While much of the information shared by Un Monumental comes from publicly available resources often published on government websites, Tylor says this ‘official’ historical record – often left deliberately opaque by settlers – offers only a fraction of the full story.
“Half of what happened probably wasn’t recorded anyway; what we’re grabbing hold of in this [project] is a very censored version of history – not by us, but people just didn’t record it,” he explains, referencing an inevitably large volume of frontier violence that surfaces only in euphemism or inadvertent disclosures.
“A lot of those histories just weren’t recorded, so you’d never be able to find that content these days unless you get it from oral histories,” he says. “Which you can get; my non-Indigenous family have had oral histories passed down which line up with Indigenous narratives that were recorded, communities that have the exact same stories as well. You can piece it together that way, but you have to find people who will share it – you can’t just take it off a shelf.”

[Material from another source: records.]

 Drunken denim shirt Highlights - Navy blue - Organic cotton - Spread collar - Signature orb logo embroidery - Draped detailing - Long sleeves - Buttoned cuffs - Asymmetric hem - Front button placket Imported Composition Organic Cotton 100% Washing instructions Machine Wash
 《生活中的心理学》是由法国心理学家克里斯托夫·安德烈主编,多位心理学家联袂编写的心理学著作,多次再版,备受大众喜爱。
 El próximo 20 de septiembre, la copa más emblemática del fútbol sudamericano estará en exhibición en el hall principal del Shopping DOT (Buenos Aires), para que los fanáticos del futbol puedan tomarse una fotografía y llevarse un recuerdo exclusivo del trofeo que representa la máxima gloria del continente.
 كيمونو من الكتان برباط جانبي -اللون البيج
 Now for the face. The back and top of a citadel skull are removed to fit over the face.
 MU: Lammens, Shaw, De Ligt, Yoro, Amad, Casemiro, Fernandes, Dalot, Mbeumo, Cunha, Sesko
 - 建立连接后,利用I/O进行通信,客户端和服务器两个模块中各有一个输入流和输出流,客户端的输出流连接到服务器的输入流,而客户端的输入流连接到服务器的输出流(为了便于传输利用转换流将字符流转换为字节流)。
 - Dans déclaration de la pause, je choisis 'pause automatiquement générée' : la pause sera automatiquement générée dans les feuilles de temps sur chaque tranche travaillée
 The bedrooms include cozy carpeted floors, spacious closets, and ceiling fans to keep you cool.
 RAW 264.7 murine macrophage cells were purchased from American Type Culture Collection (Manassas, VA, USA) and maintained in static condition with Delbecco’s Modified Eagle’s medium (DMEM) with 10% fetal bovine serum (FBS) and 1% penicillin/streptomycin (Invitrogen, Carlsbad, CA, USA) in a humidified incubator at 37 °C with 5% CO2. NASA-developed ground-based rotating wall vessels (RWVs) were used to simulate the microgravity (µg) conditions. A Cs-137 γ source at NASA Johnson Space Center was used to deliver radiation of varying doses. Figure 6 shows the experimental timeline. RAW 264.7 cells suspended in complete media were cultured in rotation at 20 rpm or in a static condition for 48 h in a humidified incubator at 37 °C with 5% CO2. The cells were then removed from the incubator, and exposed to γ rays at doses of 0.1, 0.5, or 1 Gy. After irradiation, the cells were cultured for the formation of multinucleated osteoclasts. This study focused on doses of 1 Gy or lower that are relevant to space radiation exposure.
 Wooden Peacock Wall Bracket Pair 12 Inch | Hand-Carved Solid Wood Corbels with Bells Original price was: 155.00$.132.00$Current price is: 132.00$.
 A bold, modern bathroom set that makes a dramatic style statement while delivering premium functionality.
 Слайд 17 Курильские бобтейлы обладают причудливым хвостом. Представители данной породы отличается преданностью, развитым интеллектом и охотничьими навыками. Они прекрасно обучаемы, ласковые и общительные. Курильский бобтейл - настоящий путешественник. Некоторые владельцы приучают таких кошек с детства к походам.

And, while South Australia is gradually becoming more aware that beneath the long-held veneer ‘free settlement’ lies its own troubling, and unresolved history of violence and dispossession, the often-fierce debates that have divided towns like Elliston suggest many may not be ready to confront the frontier bloodshed linked to well-known names like Hawker, Frome and O’Halloran.
“All of these people have places named after them and did atrocious things,” he says. “And we’ll write about that stuff as well. There are some really interesting things we want to cover, like the Port Lincoln wars – the Barngarla nearly won against the British at the height of the British Empire,” he says of sustained resistance in the early 1840s that saw the colonial government send military reinforcements. “They nearly abandoned Port Lincoln, and that’s pretty amazing for South Australia’s history alone.”
Shedding greater light on frontier conflict is an important part of Un Monumental, but so is recognising that the last two centuries are a small, particularly turbulent footnote in the millennia of human history on this continent. As the destruction of Juukan Gorge and Djab Wurrung birthing trees demonstrates, this is often given less weight than more recent forms of heritage.
“We’re looking at this idea of colonialism because it’s topical at the moment, but we will flip it and go back to pre-colonial history, things that are tens of thousands of years old. Like the first mine in the world in far west New South Wales, or the oldest stone structure in the world in Arnhem Land.
“We want to make people aware that that history exists as well, but we’re going to do a lot of consultation with traditional owners first – we want that consultation to be really considerate and not rushed.”
In using art to fill out gaps in the more widely-held colonial narratives, the project echoes the spirit of Wiradjuri and Kamilaroi artist Jonathan Jones’ Tarnanthi 2019 exhibition Bunha-bunhanga, which reinterpreted colonial landscape paintings and Aboriginal objects to illustrate the research of Bruce Pascoe, Bill Gammage and Zena Cumpston.
“It’s interesting because the vast amount of Bruce Pascoe’s Dark Emu, and Bill Gammage’s The Biggest Estate On Earth looks across the nation, but is quite focussed on the east coast. But we have the same content in Adelaide; there’s records of the exact same things [Gammage and Pascoe] are talking about happening in Norwood. The information is there, but I think it’s harder in Australia to piece the pieces together because the narrative has been so interrupted.
“So it’s about getting all the important resources and putting them in one place – so people can work their way back out.”
* This content was originally posted on The Adelaide Review with the permission to republish.